A rafting experience you won’t soon forget

I have rafted rivers from the Russian Arctic to Alaska, but I was never more in awe than when I first experienced Idaho’s Middle Fork of the Salmon River. It was in the summer of 1986, and it was spellbinding.

Looking up at immense cliffs, I saw rare bighorn sheep peering down on our passing raft. I remember soaking in natural hot springs along the river and gazing up at an inky sky ablaze with a million stars.

I also recall the feeling of utter calm that overcame me the day after we launched. When you are on the river, you’re living on its terms and are part of its cycles. You are swept downstream and into a new, fresh existence. There is no turning back.

David Cline and his son, Charlie.
David Cline and his son, Charlie.

The Middle Fork of the Salmon flows through the three-million-acre Frank Church—River of No Return Wilderness. In 1968 the Middle Fork was one of only eight pristine freshwater streams included in the original National Wild and Scenic River Act.

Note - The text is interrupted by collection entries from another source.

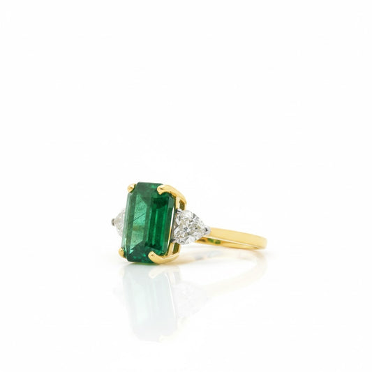 Natural Zambian Green Emerald Ring with Side Heart Diamonds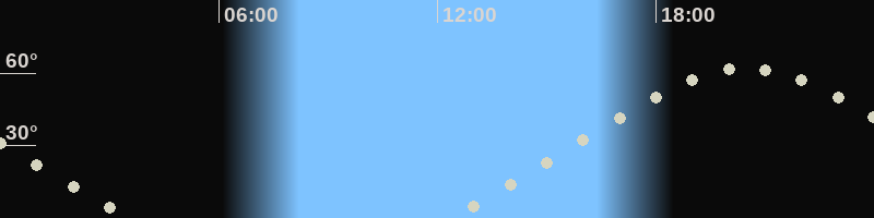 Mondaufgang12:16 Uhr im Nordosten (αAz = 54.9°)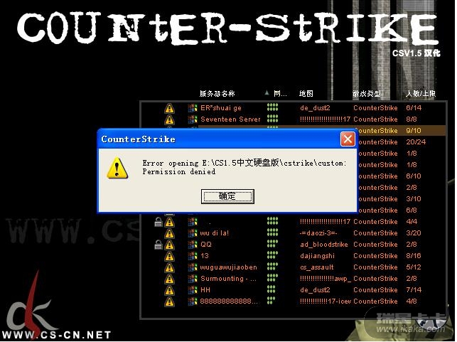 在开启瑞星文件监控的情况下,运行CS,选择进入房间之后,会被弹回如图的界面

Approximately 10,000 visitors raft the river each year, from late May through early September. This is the so-called “lottery season,” when the U.S. Forest Service awards specific launch dates to private rafters and commercial outfitters to protect the river from overcrowding and assure everyone a quality wilderness experience. A typical trip includes six days on the river and five overnight camps on bars. 

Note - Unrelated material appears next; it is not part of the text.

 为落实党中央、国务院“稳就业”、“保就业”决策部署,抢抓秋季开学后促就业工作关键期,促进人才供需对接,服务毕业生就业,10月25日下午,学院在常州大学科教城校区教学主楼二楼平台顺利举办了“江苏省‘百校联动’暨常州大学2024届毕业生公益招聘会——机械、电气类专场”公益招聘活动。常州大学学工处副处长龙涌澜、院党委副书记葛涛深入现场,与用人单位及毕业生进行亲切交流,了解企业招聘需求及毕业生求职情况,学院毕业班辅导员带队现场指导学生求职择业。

Over 104 miles, 102 named campsites are assigned in advance to each group. Campers must practice a strict Leave No Trace principle—all firewood must be brought in and lit in steel fire pans; all human and food waste must be contained and carried out.  

David and Heidi Cline of Middle Fork Adventures host visitors on weeklong raft trips. “You could spend 10 lifetimes exploring this vast wilderness and never see it all,” says David. He and his wife welcome young and old guests from all over the world, including many families, and provide delicious riverside meals. 

“We met on a river in Colorado, and we were married on an island,” David recalls. We were young whitewater guides.” Several years ago, he says, they came to the realization that they could either spend the rest of their lives as dirt-poor rafting guides, and likely never have a family, or start their own outfitting operation. They moved to Idaho.   

“Most of all,” David says, “I want to share this wonderful place with our two sons.” Charlie is four and Dylan is one. Last summer, Charlie experienced his first trip on the river, camping under the stars and feeling the thrill of racing through the rushing rapids. Since then, he has been asking, “Daddy, are we going back?’


A Bit of History

For some 3,000 years, the nomadic Tuka-Deka or mountain sheepeater people lived along the Middle Fork of the Salmon River. They subsisted mostly on bighorn sheep, which skilled hunters killed from talus rock blinds as the animals came down to the river to drink. They also gathered freshwater mussels and steamed them in ovens. On sheltered rock walls and hidden caves, the curious explorer can still find their ancient written history: astonishing red ochre pictographs painted by shamans using dehydrated iron oxide mixed with clay—sacred visions of the animals and the hunt.